■ **TASK STATEMENT**: For this exercise, write out only the lines of the entries below from the one with "walnut and stainless steel ring box" up to and including the one with "わぁ、花壇お花いっぱい🥰可愛", exactly as they are. Pictures stay out.

■ **RECORDS**:

>>>

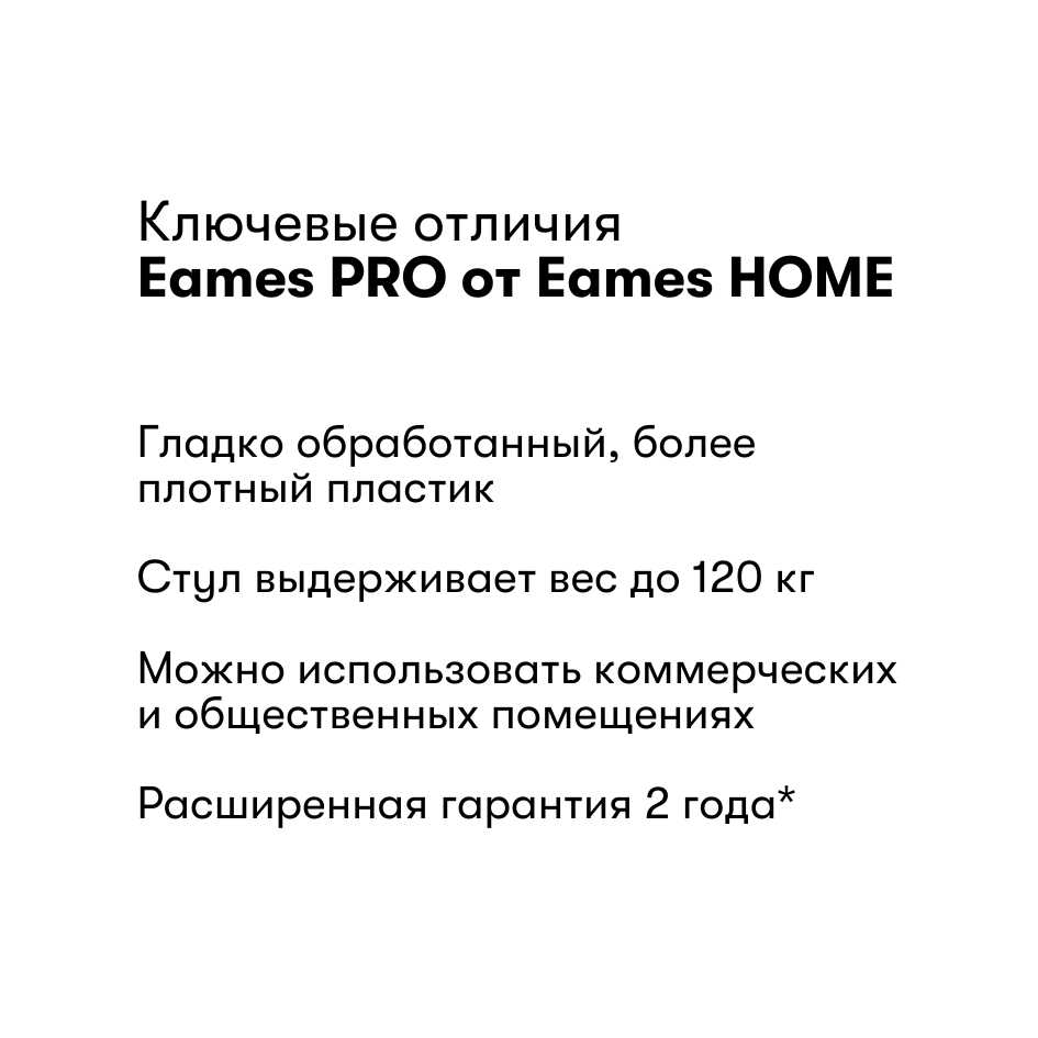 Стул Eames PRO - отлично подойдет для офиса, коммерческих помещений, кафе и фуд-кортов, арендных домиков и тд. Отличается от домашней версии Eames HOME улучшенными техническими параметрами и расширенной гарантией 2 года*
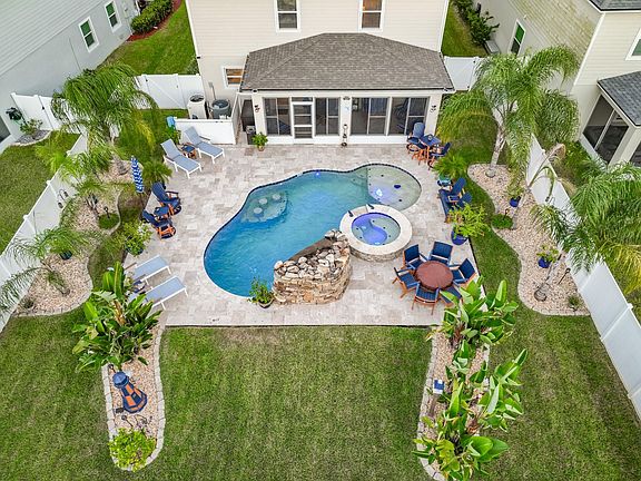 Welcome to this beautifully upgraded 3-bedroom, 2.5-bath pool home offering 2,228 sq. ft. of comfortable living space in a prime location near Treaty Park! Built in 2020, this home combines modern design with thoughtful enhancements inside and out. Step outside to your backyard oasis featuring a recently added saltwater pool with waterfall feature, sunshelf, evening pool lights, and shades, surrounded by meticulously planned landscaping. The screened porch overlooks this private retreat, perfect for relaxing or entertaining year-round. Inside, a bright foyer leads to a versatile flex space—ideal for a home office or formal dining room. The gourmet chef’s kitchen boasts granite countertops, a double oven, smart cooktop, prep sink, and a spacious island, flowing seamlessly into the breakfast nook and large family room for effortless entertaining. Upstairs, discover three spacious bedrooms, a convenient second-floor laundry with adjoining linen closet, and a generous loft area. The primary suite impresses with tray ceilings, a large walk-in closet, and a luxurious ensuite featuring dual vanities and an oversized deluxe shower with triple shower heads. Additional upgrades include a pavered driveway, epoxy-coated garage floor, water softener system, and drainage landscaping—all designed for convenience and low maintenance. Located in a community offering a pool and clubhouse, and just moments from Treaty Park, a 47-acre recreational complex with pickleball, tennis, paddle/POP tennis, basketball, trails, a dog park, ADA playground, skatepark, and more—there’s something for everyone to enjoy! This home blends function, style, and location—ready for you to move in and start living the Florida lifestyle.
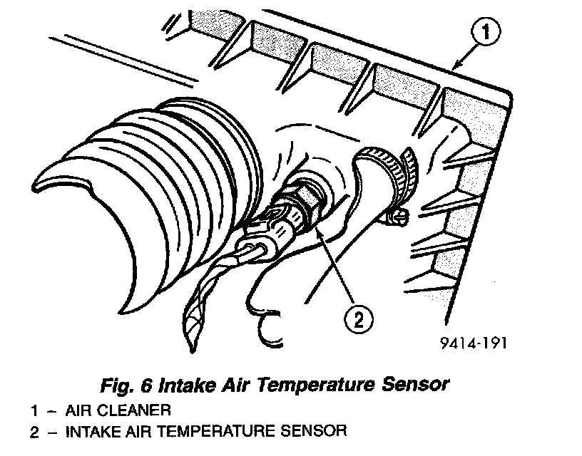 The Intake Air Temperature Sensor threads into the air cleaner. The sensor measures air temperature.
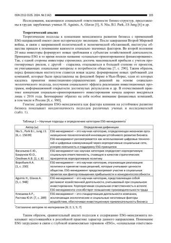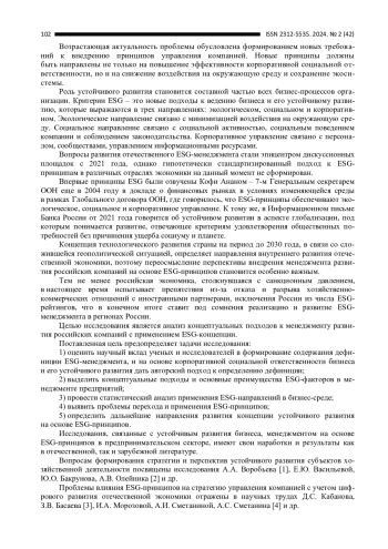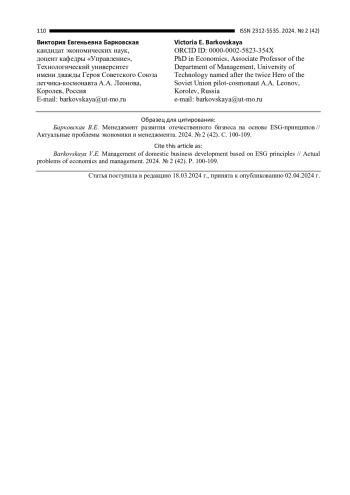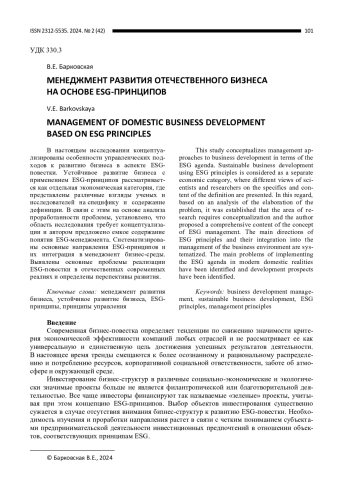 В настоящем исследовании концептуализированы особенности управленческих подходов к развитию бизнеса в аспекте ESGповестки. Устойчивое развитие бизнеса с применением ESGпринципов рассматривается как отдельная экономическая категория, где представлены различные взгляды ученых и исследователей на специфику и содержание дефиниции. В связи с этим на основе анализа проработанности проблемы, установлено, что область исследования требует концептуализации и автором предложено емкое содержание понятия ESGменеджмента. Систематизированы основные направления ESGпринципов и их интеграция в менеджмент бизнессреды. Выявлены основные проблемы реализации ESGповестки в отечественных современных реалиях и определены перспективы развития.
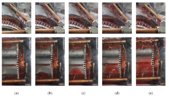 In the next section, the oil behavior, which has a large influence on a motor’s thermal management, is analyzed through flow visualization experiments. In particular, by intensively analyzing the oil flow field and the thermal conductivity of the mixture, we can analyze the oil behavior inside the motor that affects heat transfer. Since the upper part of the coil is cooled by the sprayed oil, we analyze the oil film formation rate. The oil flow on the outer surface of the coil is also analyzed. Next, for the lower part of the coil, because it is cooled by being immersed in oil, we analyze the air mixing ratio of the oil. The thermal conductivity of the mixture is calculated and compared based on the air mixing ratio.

<<<
>>>

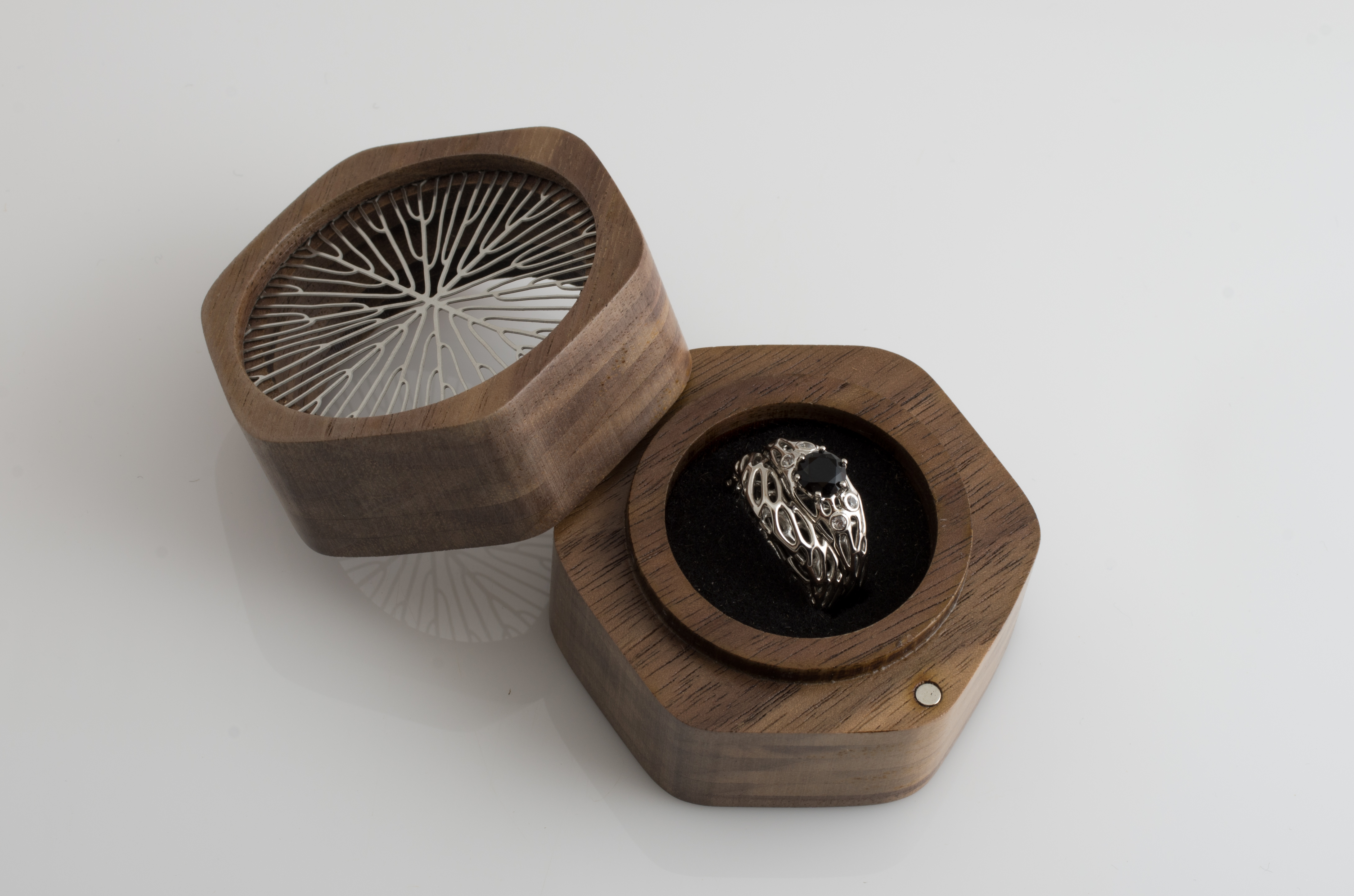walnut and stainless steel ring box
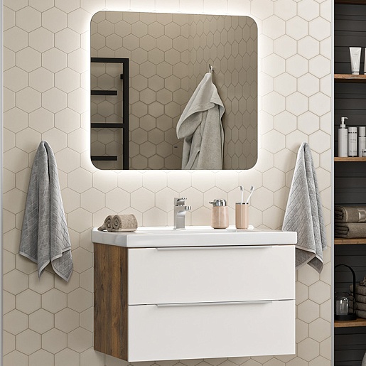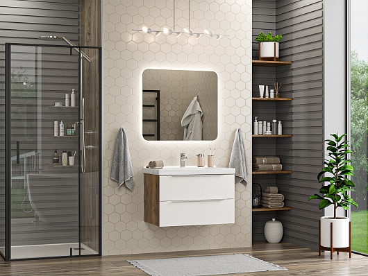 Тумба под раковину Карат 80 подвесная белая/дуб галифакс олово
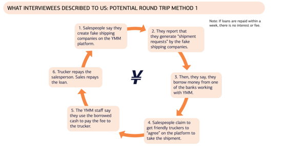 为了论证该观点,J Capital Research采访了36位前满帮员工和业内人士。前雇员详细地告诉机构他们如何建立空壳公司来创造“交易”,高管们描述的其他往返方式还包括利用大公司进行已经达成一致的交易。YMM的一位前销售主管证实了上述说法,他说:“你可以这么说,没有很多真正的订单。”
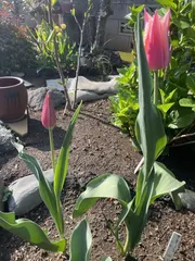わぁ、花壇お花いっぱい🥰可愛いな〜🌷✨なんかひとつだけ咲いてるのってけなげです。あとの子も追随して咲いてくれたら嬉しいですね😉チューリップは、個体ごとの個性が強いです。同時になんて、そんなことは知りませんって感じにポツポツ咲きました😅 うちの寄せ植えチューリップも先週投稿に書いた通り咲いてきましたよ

<<<
>>>

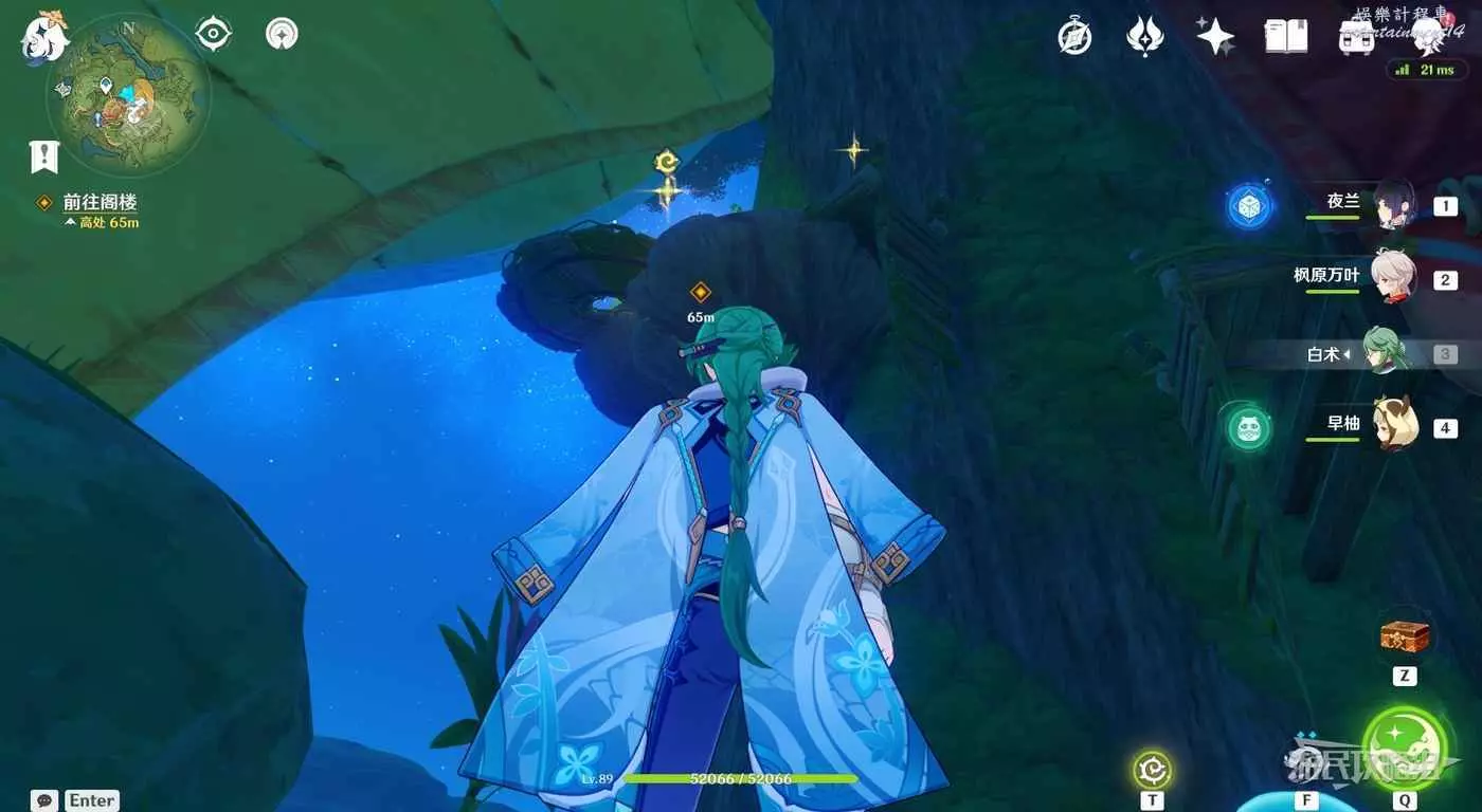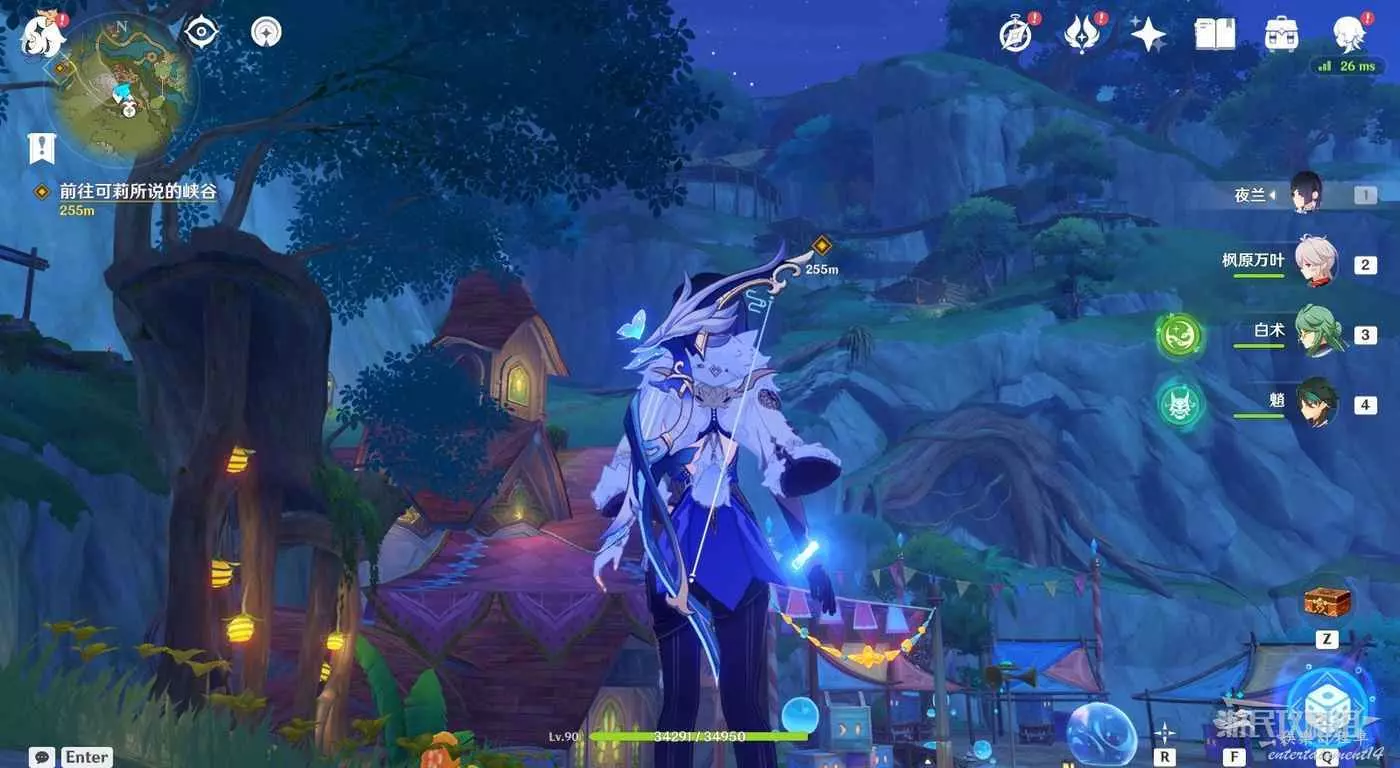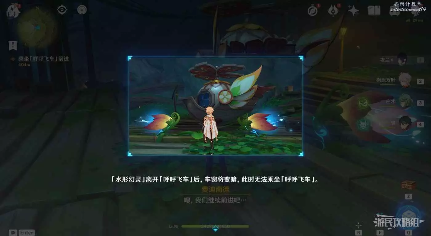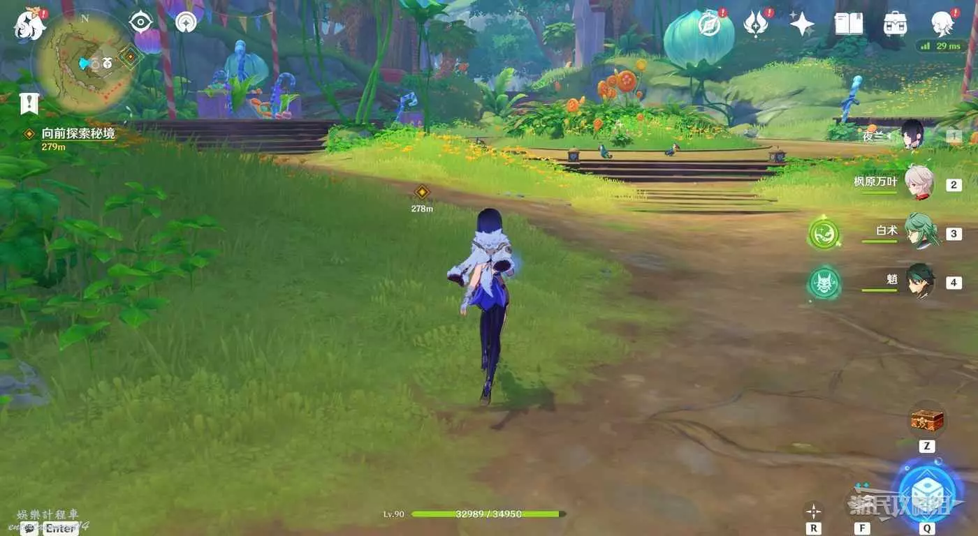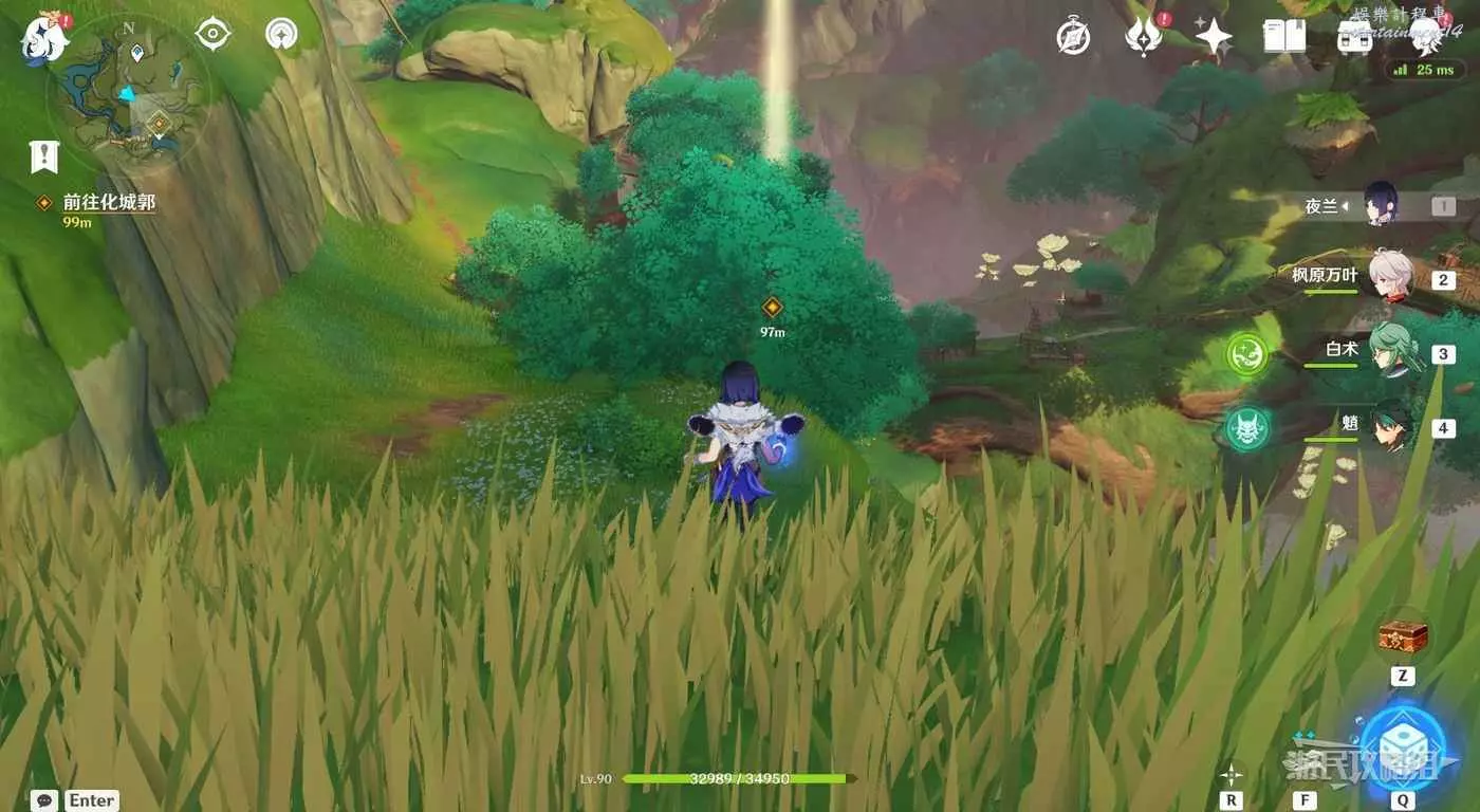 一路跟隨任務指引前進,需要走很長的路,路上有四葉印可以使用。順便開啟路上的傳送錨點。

<<<

■ **SOLUTION TO THIS PROBLEM**:
walnut and stainless steel ring box
 Тумба под раковину Карат 80 подвесная белая/дуб галифакс олово
 为了论证该观点,J Capital Research采访了36位前满帮员工和业内人士。前雇员详细地告诉机构他们如何建立空壳公司来创造“交易”,高管们描述的其他往返方式还包括利用大公司进行已经达成一致的交易。YMM的一位前销售主管证实了上述说法,他说:“你可以这么说,没有很多真正的订单。”
わぁ、花壇お花いっぱい🥰可愛いな〜🌷✨なんかひとつだけ咲いてるのってけなげです。あとの子も追随して咲いてくれたら嬉しいですね😉チューリップは、個体ごとの個性が強いです。同時になんて、そんなことは知りませんって感じにポツポツ咲きました😅 うちの寄せ植えチューリップも先週投稿に書いた通り咲いてきましたよ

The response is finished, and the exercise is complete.